- Other names: Samba house
- Stylistic origins: House; EDM; Latin music; reggae; dancehall; hip hop; reggaeton;
- Cultural origins: Mid-to-late 1980s, New York City, Chicago, US
- Derivative forms: Merenhouse, Cumbia house

= Latin house =

Subgenre of house music

Latin house is an electronic dance music genre that combines house and Latin American music, such as that of Puerto Rican, Cuban, Dominican, and African origin.

==History==
===Origins===
In the second half of the 1980s, some of the pioneers of house music of Latin-American descent gave birth to this genre by releasing house records in Spanish. Early examples include Jesse Velez's "Girls Out on the Floor" 1985, "Amor Puertorriqueño" by Raz on DJ International and "Break 4 Love" by Raze.

===1990s to present===
In the 1990s, a new generation of producers and labels broke into the market. Nervous Records released "Quiero Saber" by the Latin Kings, produced by Todd Terry, as well as "Everything's All Right" by Arts of Rhythm and "Philly The Blunt" by Trinidad. Strictly Rhythm employed producer Armand van Helden, who released "Pirates of The Caribbean Vol. III". Songs from the same label include DJ Dero's "Sube", The Tribe's "Go-san-do", R.A.W.'s "Asuca" produced by Erick Morillo, Rare Arts' "Boricua Posse", Escandalo's "Mas Buena" and Fiasco's "Las Mujeres" produced by Norty Cotto, Latin Kaos' "El Bandolero" and "Muevete Mama" and "Sugar Cane" by Afro-Cube.

During the same period (1991 -1992), Chicago native Pizarro produced "The Five Tones", New Perspective EP, "Plastica", "Caliente" and "Perdoname". Other producers like Ralphi Rosario and Masters at Work created Latin house classics, for instance Ralphie's production "Da-Me-Lo" and his remix of Albita's "No se parece a nada" as well as "Sul Chu Cha" by Rosabel, the Louie Vega and Kenny Gonzales remix of "Sume Sigh Say" by House of Gypsies (Todd Terry), and "Robi Rob's Boriqua Anthem" by C+C Music Factory.

Hybrid experiments were put on the market by the likes of New York's Proyecto Uno, who combined house and merengue in their LPs Todo el mundo and In da House. Their female counterpart is Lisa M from Puerto Rico, who can be heard on the No lo derrumbes and Flavor of the Latin albums. Another merengue-house record worth of mention is "Así mamacita" by Henry Rivera on Los Angeles Aqua Boogie. Also from Los Angeles we had producer DJ Juanito who released Latin house hits like 'A Mover la colita' and 'Esa Nena Linda". The duo Sandy & Papo are known for their LPs Sandy & Papo and Otra Vez.

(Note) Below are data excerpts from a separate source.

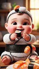 دنیا کا سب سے کیوٹ سوشی بیبی 😱 Pixar Style#CuteBaby #SushiBaby #ViralVideo #3DBaby #PixarStyle...
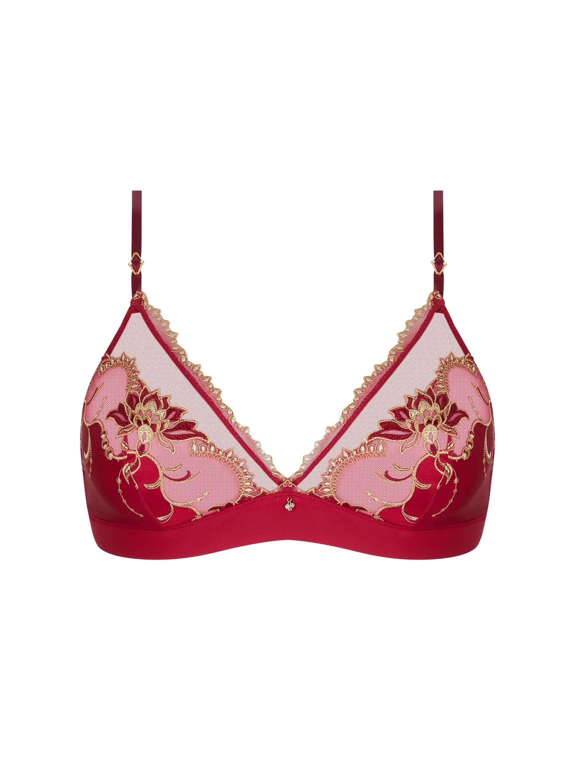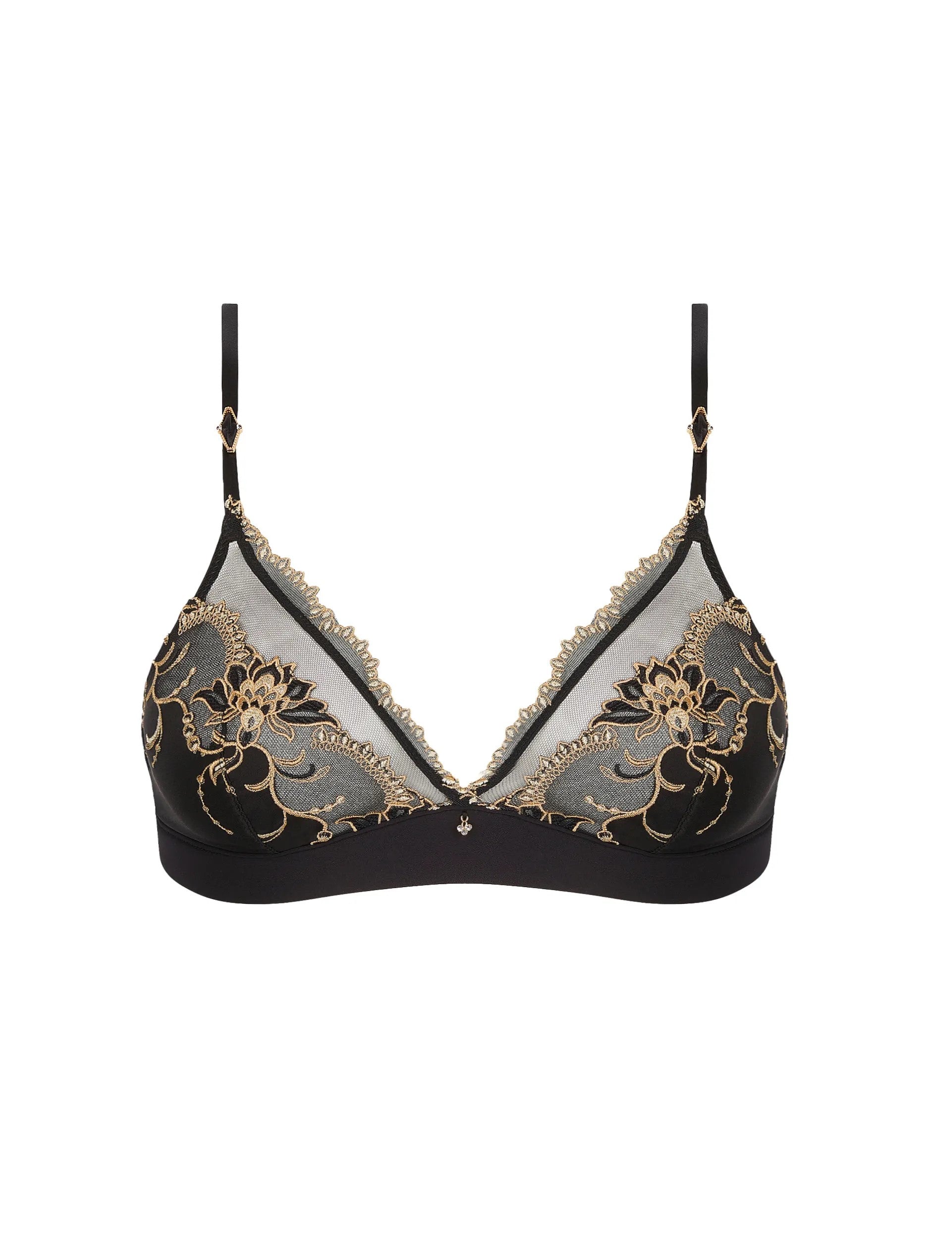 Discover the luxurious Eblouissante Icone Silk Non-Wire Bra from Lise Charmel, featuring stunning embroidery on multi-strand tulle and a delicate scalloped band that accentuates the transparent tulle cleavage. This exquisite collection celebrates nature with sumptuous floral designs, while the cup boasts intricate multi-thread embroidery on tulle and a gilded rhinestone jewel at the cleavage. The silk satin band and straps embellished with a rhinestone jewel add a touch of elegance to this opulent bra.
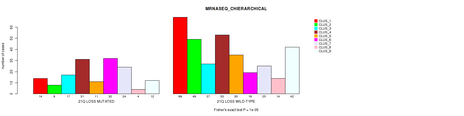 Figure S195. Get High-res Image Gene #78: '21q loss' versus Molecular Subtype #8: 'MRNASEQ_CHIERARCHICAL'
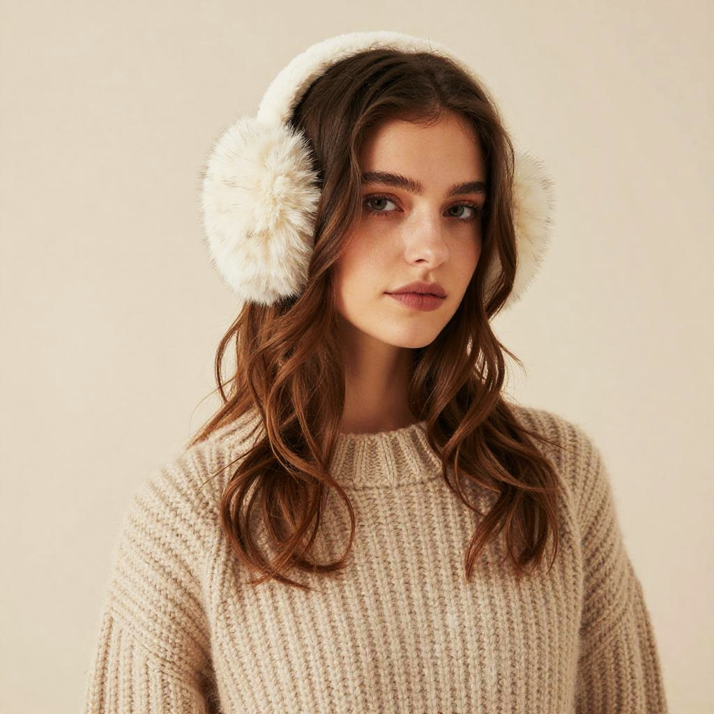 Chunky Knit Sweater, woman with messy ponytail and chunky knit mittens looking at the camera
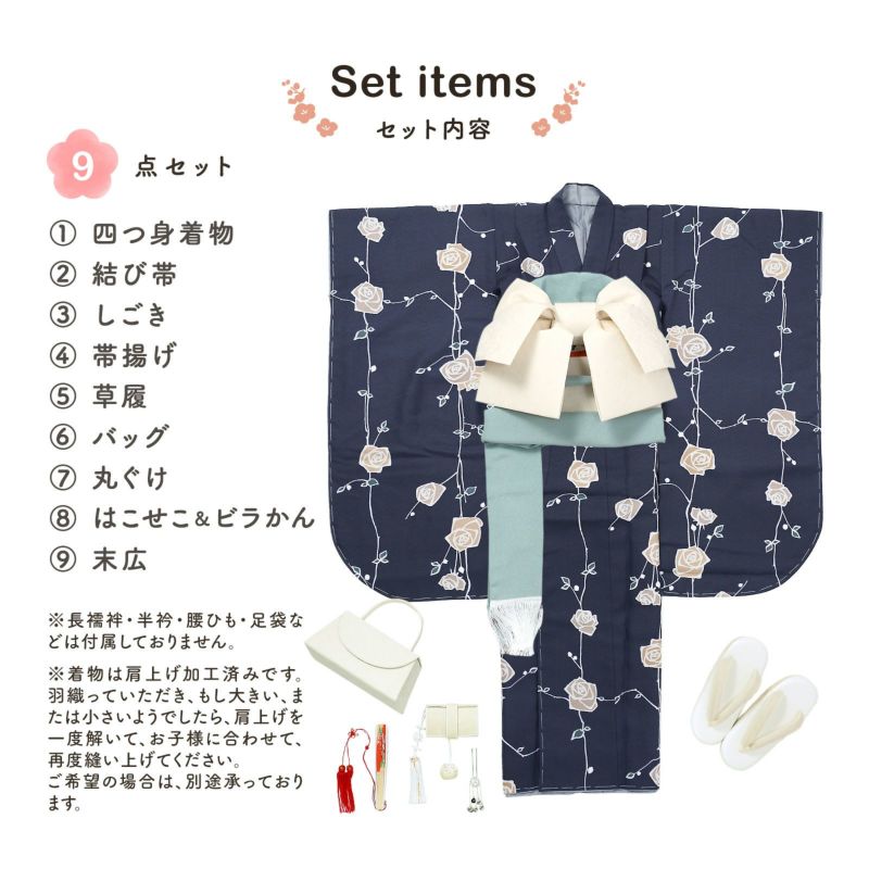 【商品内容】四つ身着物、結び帯、しごき、帯揚げ、草履、バッグ、丸ぐけ、はこせこ&ビラかん、末広の9点セット

During the mid-1990s, Cutting broke into the Latin house scene and became the most representative label of this genre. Cutting's DJ Norty Cotto was deemed the most representative producer of Latin house. Among the various hits are 2 in a Room's "Las Mujeres", "Carnival" and "Dar la vuelta", Fun City's "Padentro" and "Baila", Sancocho's "Tumba la Casa", "Alcen las manos" and "Que siga el party" (LP) and Los Compadres' "La Rumba". Norty Cotto's mixed compilations also became classics. Fulanito and their LP El hombre mas famoso de la tierra is a combination of house and Latin-American rhythms from that time. El General's "Muevelo" was another of the tunes of that time remixed to the sounds of Latin house by DJ/producers Pablo Pabanor Ortiz and Erick More Morillo, and Latin House Party 2 in collaboration with producers Rafael Torres, Ray Abraxas and Davidson Ospina.

Today many other Latin house artists have emerged to create many successful songs of this genre, and also remixes.